Пушка
Веня возвращался, прикидывая на разные лады, как его встретят дома. Мать, увидев на голове его матросскую шапку, а на плечах бушлата пристегнутые кое-как погоны с цифрой 36, наверное, всплеснет руками, обрадуется и даже спросить забудет, где он пропадал двое суток, – прямо кинется целовать и обнимать. Ольга фыркнет: «Ишь ты, вырядился, последыш!» Маринка сдернет с него шапку и напялит на себя или еще какое-нибудь выкинет коленце. Хоня молча улыбнется. А Наташа заплачет от радости и закричит: «Глядите, милые мои! Да он, никак, в юнги записался! Ах, матросик мой миленький!»
Ну а если батенька дома? Батенька, слова не говоря, отстегнет ремень. Лупцовки не миновать! Веня готов во всем сознаться, готов согласиться, что его давно пора выпороть, – он столько набедокурил за прошлое время, так всем надоел… А все-таки жесткий батенькин ремень – вещь довольно неприятная; батенька к нему прибегает редко, но уж если «полирует», то «полирует» как следует.
Семь бед – один ответ! Веня решается. Морской походкой, немного вразвалку, очень похоже на Стрёму расставляя ноги, он направляется к родному дому.

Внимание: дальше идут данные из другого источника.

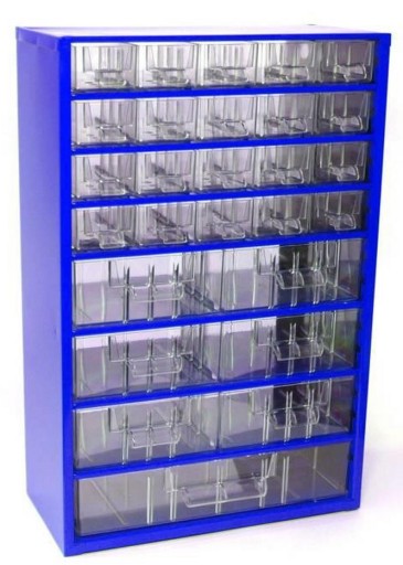 - OBUDOWA METALOWA, SZUFLADKI Z POLISTYRENU, ZESTAW POSIADA 20 MAŁYCH SZUFLADEK, 6 ŚREDNIE, 1 DUŻĄ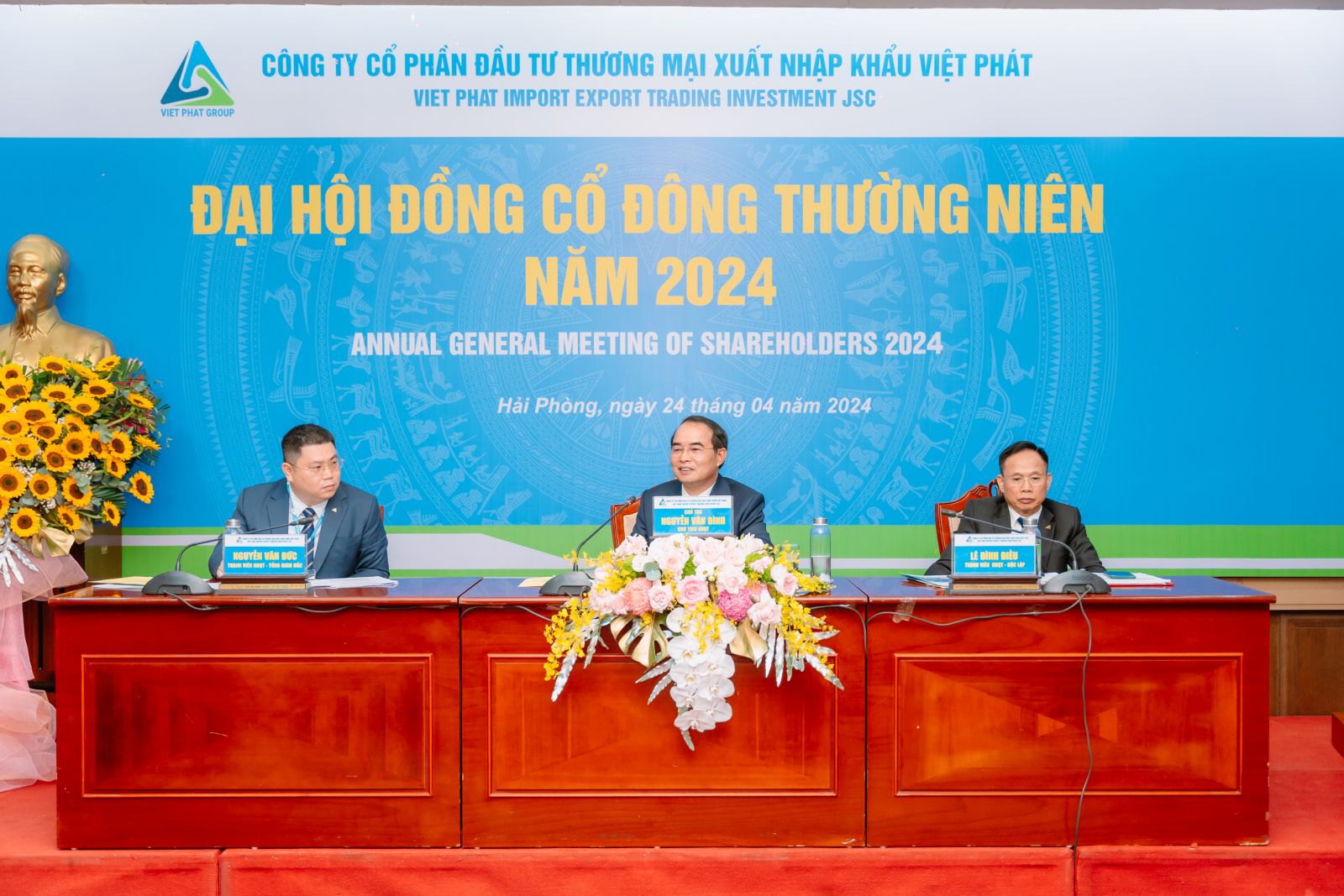 Sáng 24/4/2024 tại Trung tâm hội nghị thành phố, Công ty cổ phần Đầu tư Thương mại Xuất nhập khẩu Việt Phát (Mã CK: VPG) tổ chức Đại hội đồng cổ đông thường niên năm 2024. Đại hội đã thông qua báo cáo tổng kết hoạt động năm 2023, kế hoạch sản xuất kinh doanh năm 2024 và các nội dung quan trọng khác.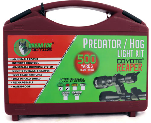 The Predator Tactics Coyote Reaper Rifleman Double LED Kit features dual LED outputs in red and green wavelengths, designed for rifle-mounted applications. This kit provides versatile illumination options for hunting and tactical use. The dual LED configuration allows users to switch between red and green light sources for different hunting scenarios.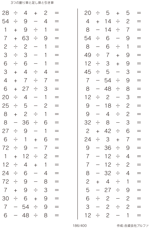 上記のボタンから「3つの割り算と足し算と引き算」の算数数学ドリル・計算ドリル(PDFプリント)がダウンロードできます。個人利用は無料です(家庭以外での配布は有料です)。

Малахова кургана не узнать. На флагштоке Белой башни веет флаг. Наизволок
[193]
мимо Могученкова дома идет, извиваясь, небывалая новая дорога; по ней, вздымая пыль сапогами, в гору идут солдаты вольным шагом, с ружьями на плечо. За солдатами пара буйволов упрямо тянет в гору фуру
[194]
. На ней корабельная цистерна – большой клепаный железный ящик для воды. На камнях фура подпрыгивает, и цистерна гремит и гудит колоколом от каждого толчка. А еще ниже, шагов сто не доходя до Могученкова дома, застряла, попав в выбоину колесом, пушка. Ее подвесили над осью колесного хода и тянут в гору «народом» матросы. Ими командует мичман с озорными глазами. Он весь в пыли, по его красному от натуги лицу струятся грязные потоки пота. Фуражка «по-нахимовски» сдвинута на затылок. Влегши в первую лямку, мичман «закликает», в чем и состоит в эту минуту его команда:
Эй, дубинушка, ухнем!
Раззеленая сама пойдет!
Матросы, подхватив «Дубинушку» хором, пробуют рывком вынуть колесо из колдобины. Колесо почти выскочило из нее, но тут же скатилось назад.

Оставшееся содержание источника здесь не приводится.